• Input data:
——————

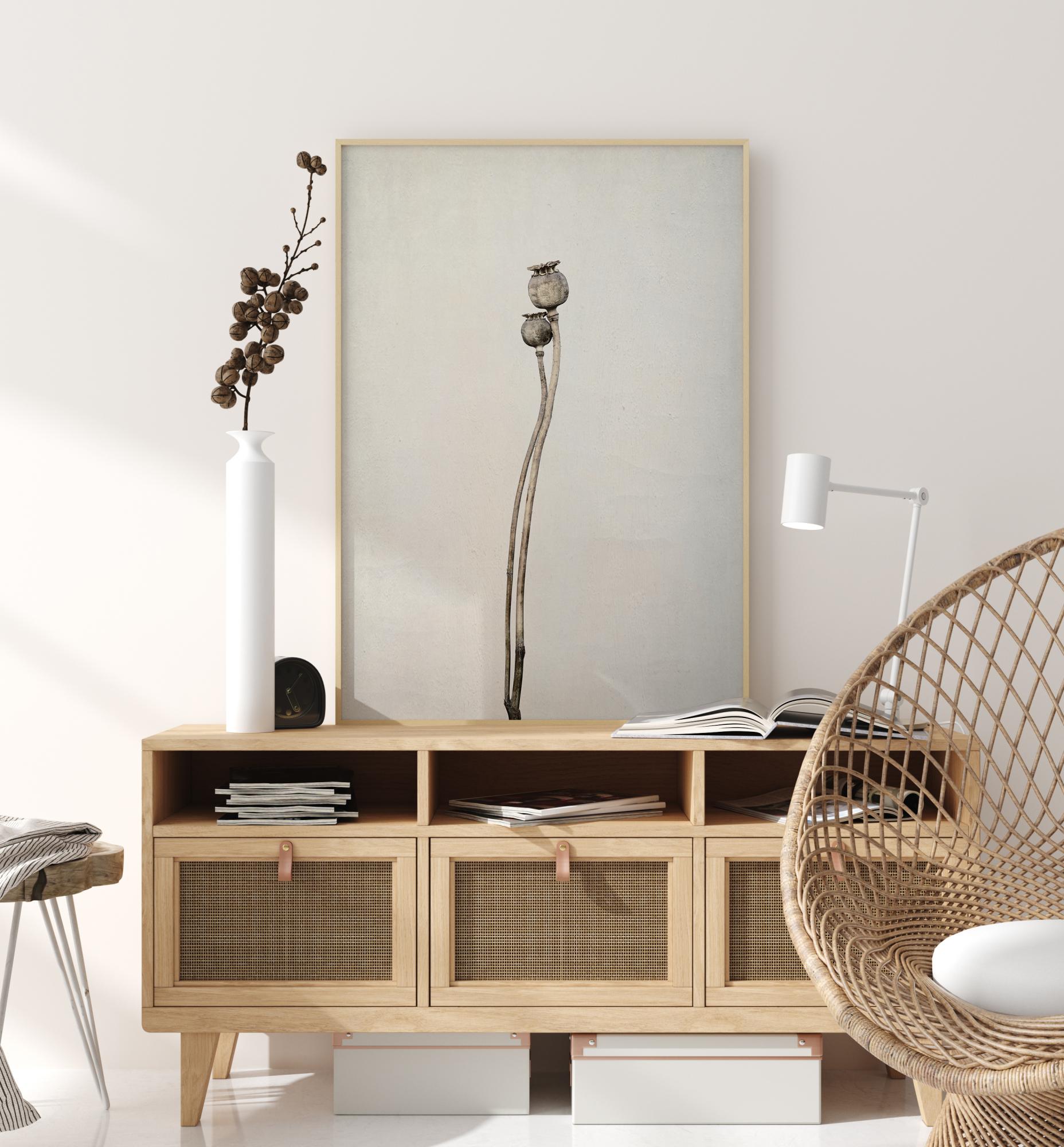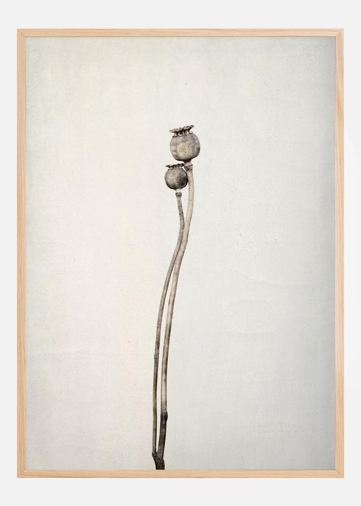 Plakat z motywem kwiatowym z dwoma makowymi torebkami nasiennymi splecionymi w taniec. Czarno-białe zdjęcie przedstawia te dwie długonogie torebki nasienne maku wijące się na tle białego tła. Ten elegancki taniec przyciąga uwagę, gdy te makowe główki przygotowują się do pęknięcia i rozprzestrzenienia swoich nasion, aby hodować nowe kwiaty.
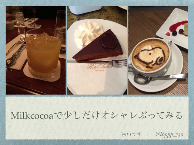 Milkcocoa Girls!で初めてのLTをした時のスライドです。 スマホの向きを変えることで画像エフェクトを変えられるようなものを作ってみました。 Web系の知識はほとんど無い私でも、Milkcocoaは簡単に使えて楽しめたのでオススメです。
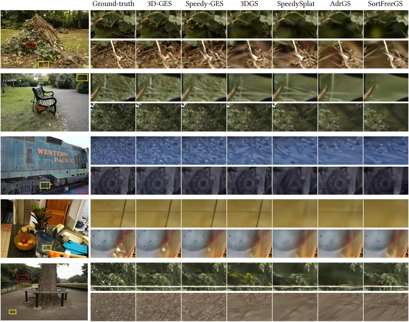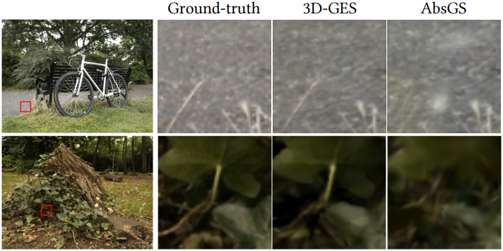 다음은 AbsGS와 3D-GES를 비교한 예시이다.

——————

In full and without error, repeat the listing above, omitting its images.

 Plakat z motywem kwiatowym z dwoma makowymi torebkami nasiennymi splecionymi w taniec. Czarno-białe zdjęcie przedstawia te dwie długonogie torebki nasienne maku wijące się na tle białego tła. Ten elegancki taniec przyciąga uwagę, gdy te makowe główki przygotowują się do pęknięcia i rozprzestrzenienia swoich nasion, aby hodować nowe kwiaty.
 Milkcocoa Girls!で初めてのLTをした時のスライドです。 スマホの向きを変えることで画像エフェクトを変えられるようなものを作ってみました。 Web系の知識はほとんど無い私でも、Milkcocoaは簡単に使えて楽しめたのでオススメです。
 다음은 AbsGS와 3D-GES를 비교한 예시이다.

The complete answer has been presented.